• **Dataset entries**:
★ ★ ★ ★ ★

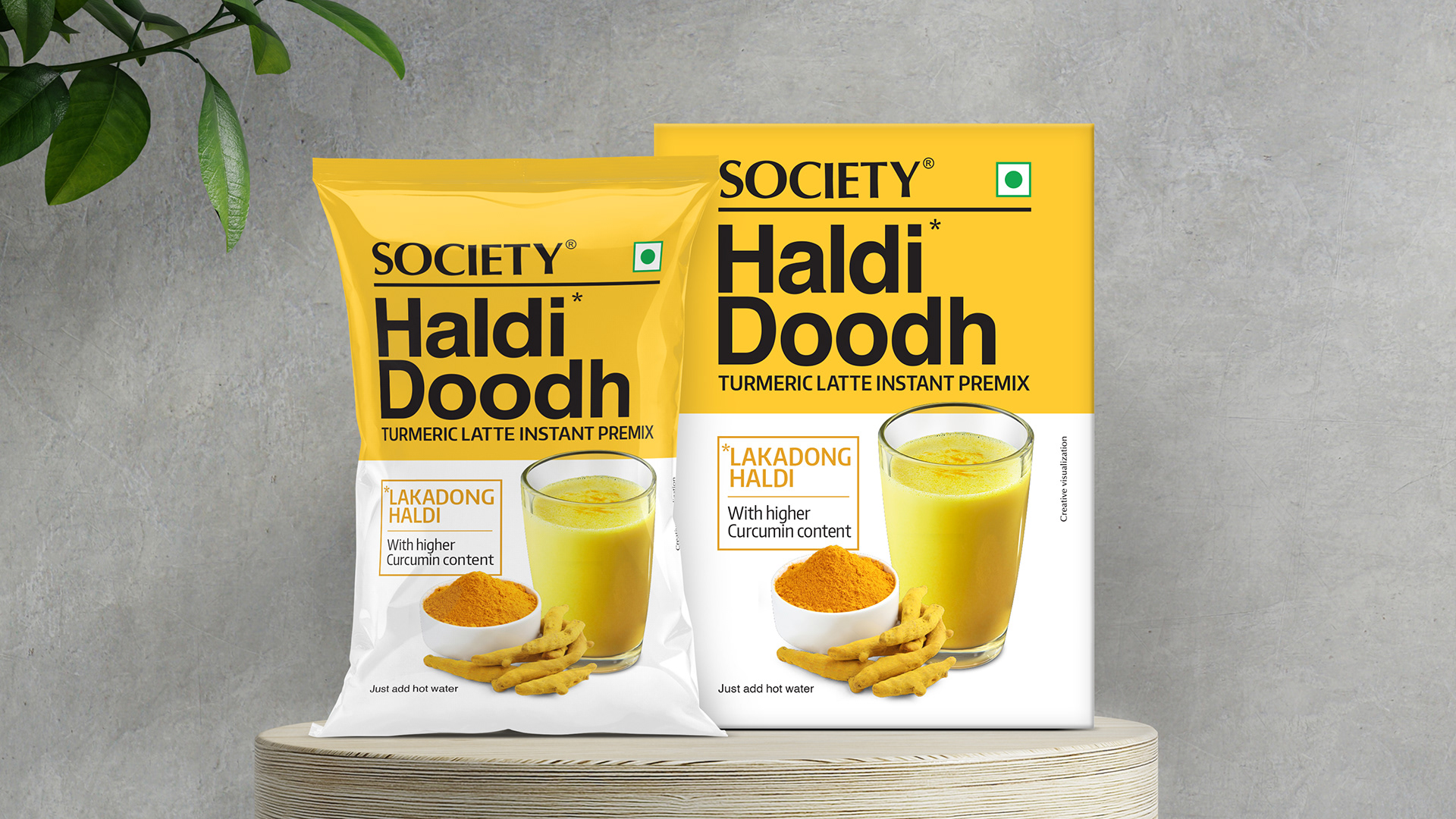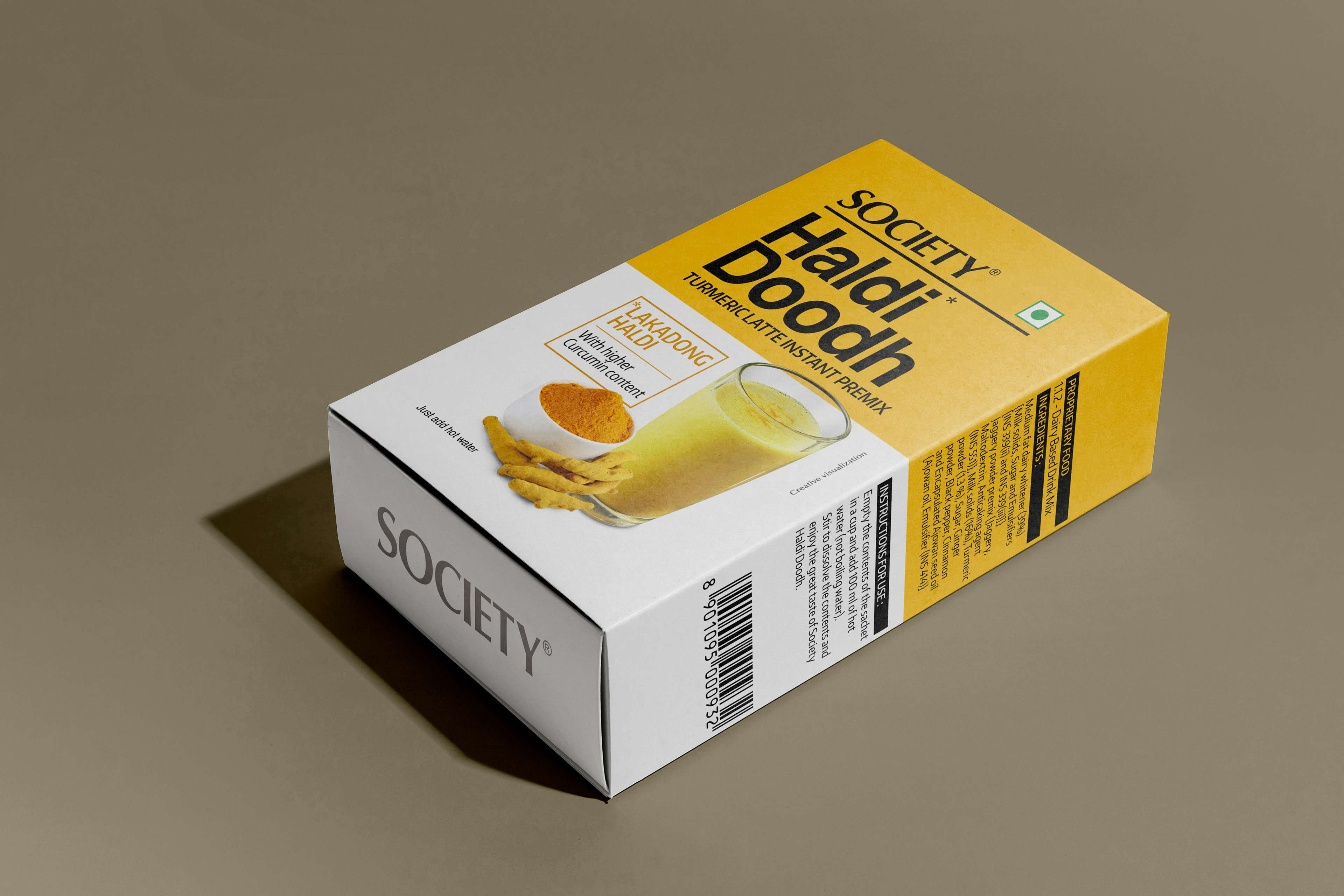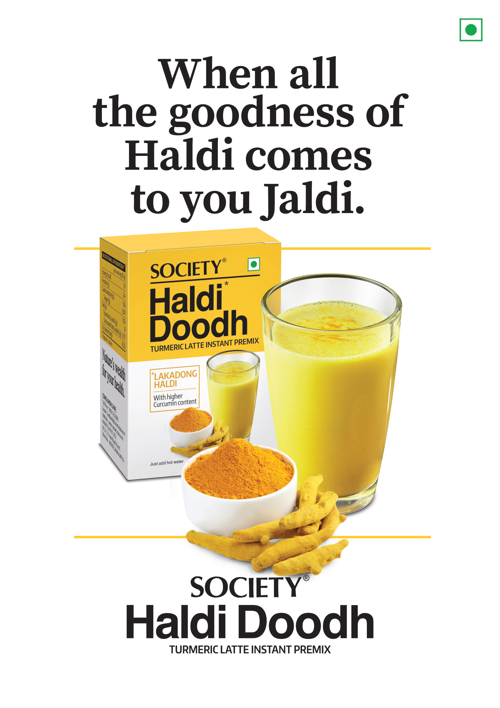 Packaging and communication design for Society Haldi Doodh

★ ★ ★ ★ ★

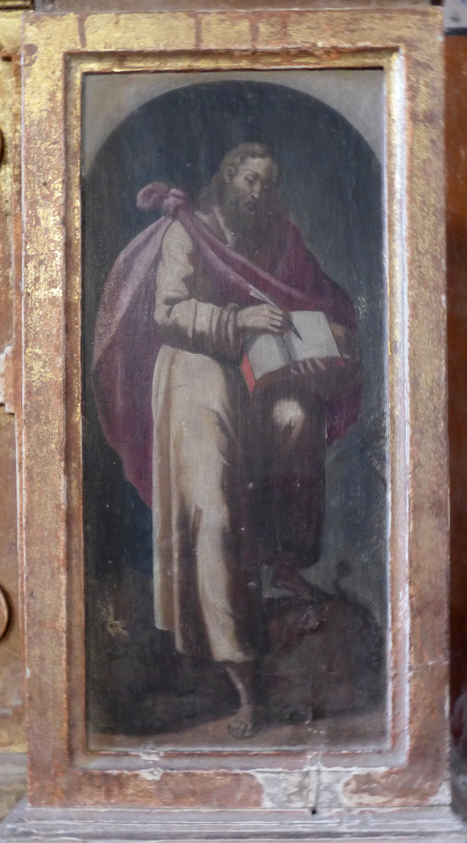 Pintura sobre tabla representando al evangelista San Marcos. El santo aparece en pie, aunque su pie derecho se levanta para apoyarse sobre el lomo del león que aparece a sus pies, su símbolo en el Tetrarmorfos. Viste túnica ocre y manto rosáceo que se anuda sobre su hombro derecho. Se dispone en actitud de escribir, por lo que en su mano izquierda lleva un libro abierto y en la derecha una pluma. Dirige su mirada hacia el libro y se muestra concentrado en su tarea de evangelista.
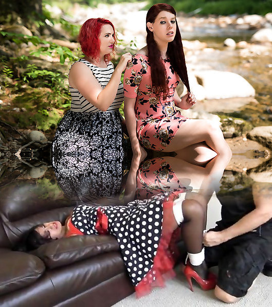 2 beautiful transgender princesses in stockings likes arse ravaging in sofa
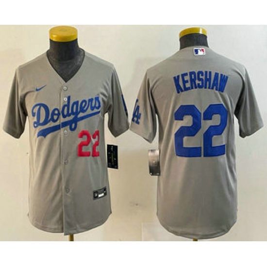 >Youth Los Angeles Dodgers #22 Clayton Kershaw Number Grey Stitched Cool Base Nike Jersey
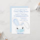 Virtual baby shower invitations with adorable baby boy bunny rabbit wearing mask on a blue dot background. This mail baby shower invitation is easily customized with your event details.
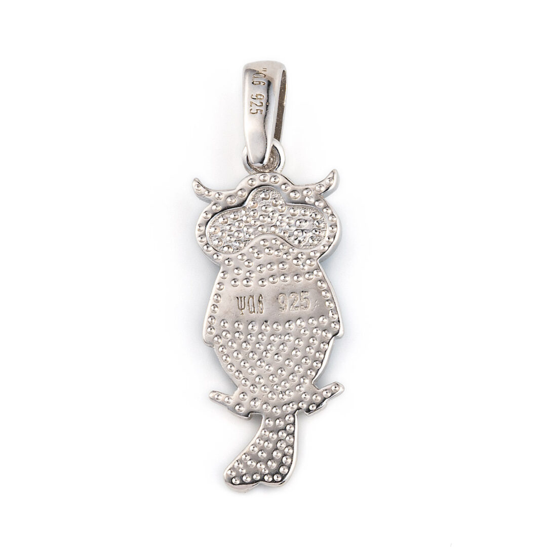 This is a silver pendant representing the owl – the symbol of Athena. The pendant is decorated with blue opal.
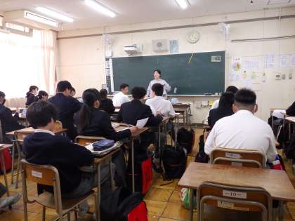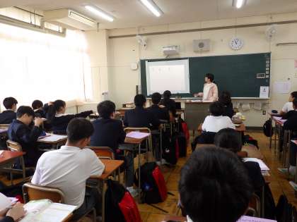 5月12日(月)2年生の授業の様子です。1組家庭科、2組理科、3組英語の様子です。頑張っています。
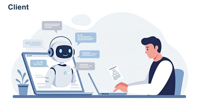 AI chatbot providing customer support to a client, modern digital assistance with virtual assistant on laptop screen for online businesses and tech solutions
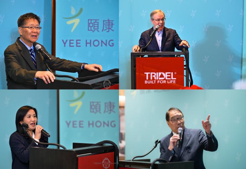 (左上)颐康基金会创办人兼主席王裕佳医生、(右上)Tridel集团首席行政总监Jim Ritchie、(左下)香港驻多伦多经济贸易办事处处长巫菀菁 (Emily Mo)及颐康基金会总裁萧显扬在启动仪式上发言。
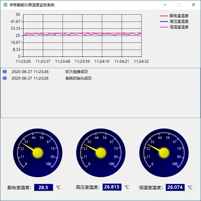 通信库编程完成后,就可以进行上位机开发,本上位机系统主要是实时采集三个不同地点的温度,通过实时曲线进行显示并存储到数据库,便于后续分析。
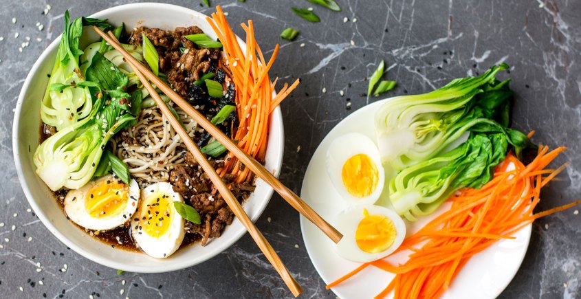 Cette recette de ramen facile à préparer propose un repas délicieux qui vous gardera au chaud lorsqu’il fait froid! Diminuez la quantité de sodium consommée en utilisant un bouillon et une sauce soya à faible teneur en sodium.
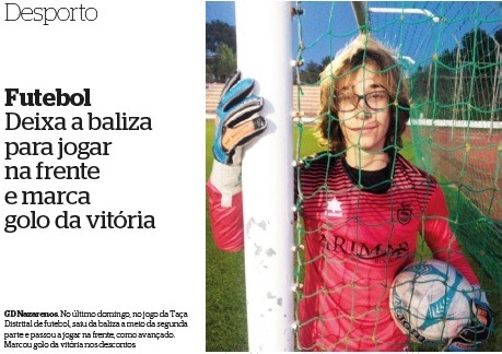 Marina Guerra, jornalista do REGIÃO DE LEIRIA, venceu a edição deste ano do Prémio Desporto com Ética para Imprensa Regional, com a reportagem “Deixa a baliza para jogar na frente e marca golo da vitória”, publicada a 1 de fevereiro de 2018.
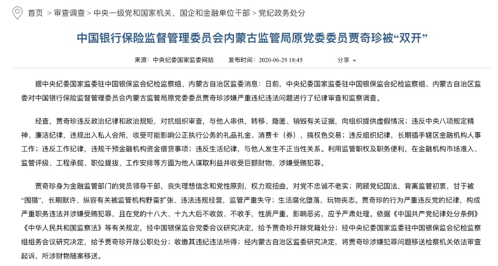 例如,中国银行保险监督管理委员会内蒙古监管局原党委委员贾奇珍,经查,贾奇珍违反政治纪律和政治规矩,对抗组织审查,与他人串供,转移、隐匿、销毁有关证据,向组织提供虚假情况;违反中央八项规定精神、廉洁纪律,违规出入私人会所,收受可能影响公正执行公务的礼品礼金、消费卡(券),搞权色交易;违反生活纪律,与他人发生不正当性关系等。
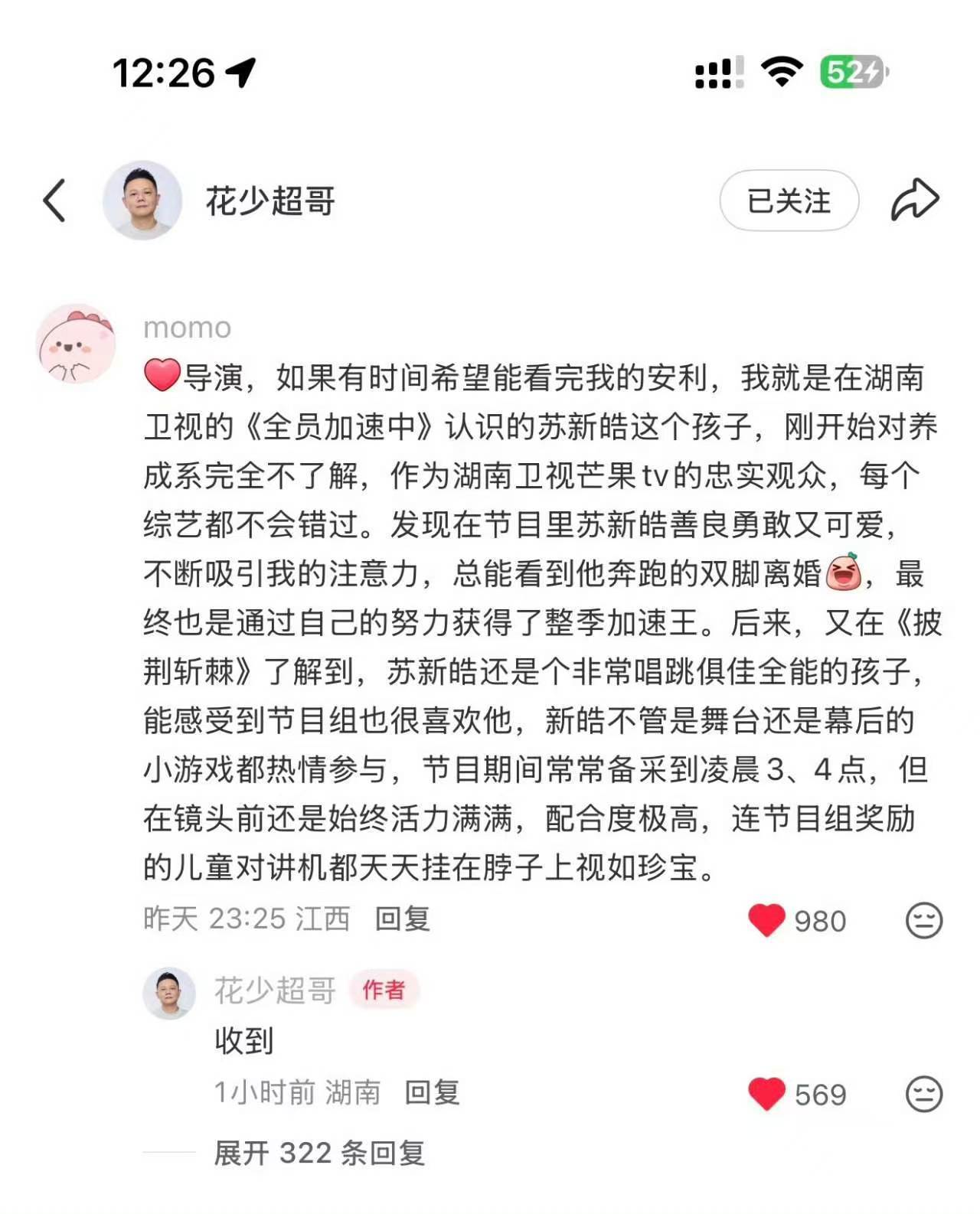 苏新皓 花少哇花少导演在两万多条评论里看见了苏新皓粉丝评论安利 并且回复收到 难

★ ★ ★ ★ ★

• **Work instructions**: Taking the entries above, copy word for word the lines from the one with "通信库编程完成后,就可以进行" up to and including the one with "Marina Guerra, jornalista", without any picture.

• **Solution to this exercise**:
 通信库编程完成后,就可以进行上位机开发,本上位机系统主要是实时采集三个不同地点的温度,通过实时曲线进行显示并存储到数据库,便于后续分析。
 Cette recette de ramen facile à préparer propose un repas délicieux qui vous gardera au chaud lorsqu’il fait froid! Diminuez la quantité de sodium consommée en utilisant un bouillon et une sauce soya à faible teneur en sodium.
 Marina Guerra, jornalista do REGIÃO DE LEIRIA, venceu a edição deste ano do Prémio Desporto com Ética para Imprensa Regional, com a reportagem “Deixa a baliza para jogar na frente e marca golo da vitória”, publicada a 1 de fevereiro de 2018.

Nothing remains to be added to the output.